Post-doctoral research

[2009-2011] Postdoctoral Researcher, Northwestern University, IL, USA. Professor Neil Kelleher.

I applied dual label stable-isotope labeling (SILAC) to differentiate both new and old histones and new and old methylation. This allowed us to observe the re-establishment of methylation that occurs after DNA replication or co-transcriptionally. Histone PTMs have been suggested to be epigenetic in nature: the ‘inheritance’ of methylation status after cell division is therefore highly relevant. Interestingly, our findings for H3K79 methylation suggested a certain amount of positional ‘scrambling’ occurs.

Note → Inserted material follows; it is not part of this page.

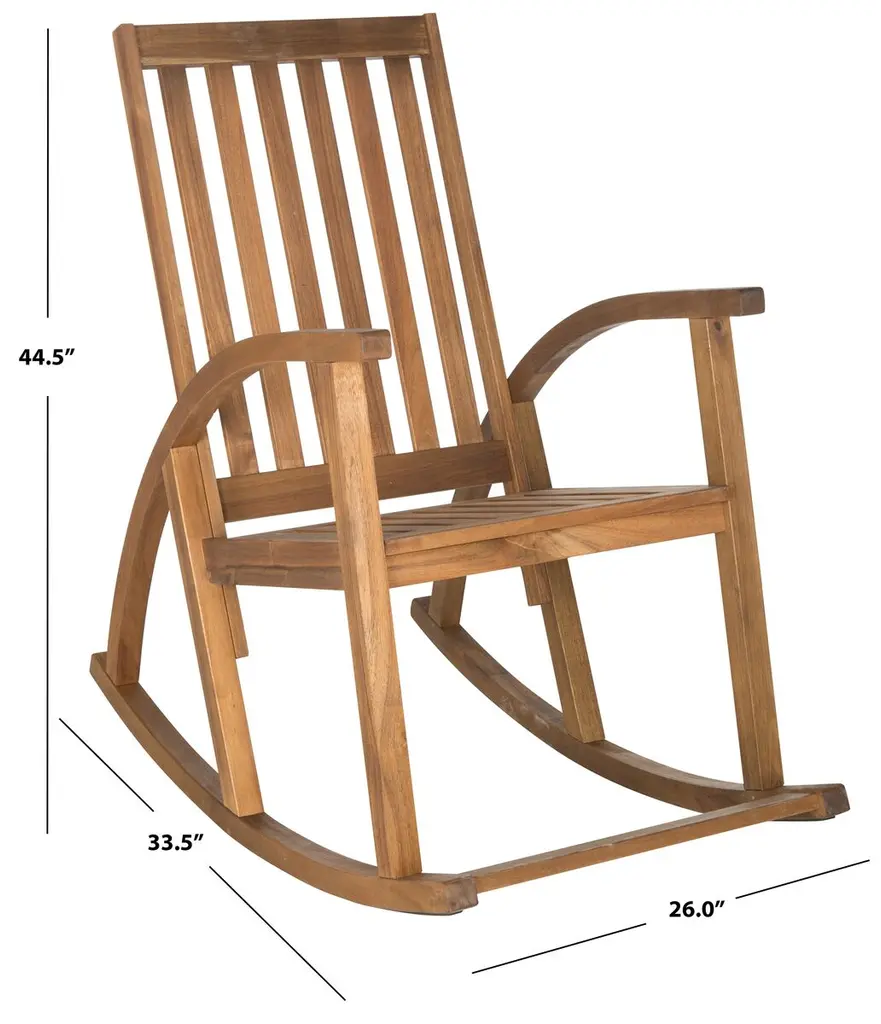 The Tallis rocking chair updates a time-proven country porch classic with new contemporary bentwood sides. Masterfully crafted of sustainable acacia wood, this piece is designed for long wear, comfort, and ease of care.

An additional project analyzed global histone alterations that occur as a result of the multiple myeloma t(4;14) translocation and MMSET methyltransferase over-expression. This is a causative event in multiple myeloma, underscoring the significance of histone modifications.

[2006-2009] Biosciences, University of Birmingham. Dr Helen Cooper and Professor John Heath.

Src-dependent protein interactions and tyrosine phosphorylation in the FGF pathway were identified using SILAC relative quantification. Electron capture dissociation was applied to the on-line identification and site-localization of protein phosphorylation, using both targeted and proteomic approaches. Site-localization software (SLoMo) was developed to analyse the phosphoproteomic dataset.

PhD

[2002-2005] Phosphoprotein Analysis by Mass Spectrometry

Department of Chemistry, The University of Manchester. Professor Simon Gaskell.

My PhD focussed on novel method development, including phosphopeptide enrichment using SCX-based diagonal chromatography and TiO2. Novel phosphorylation sites were identified from the TGF-β receptor and quantified using iTRAQ.

MSci

[2001-2002] Department of Biochemistry, University of Cambridge. Dr Sarah Lummis.

The ligand specificity of the 5HT3-R was investigated using site-directed mutagenesis, radioligand-binding assays and electrophysiology (patch-clamping).

Role

Principal Investigator in the Genome Damage and Stability Centre.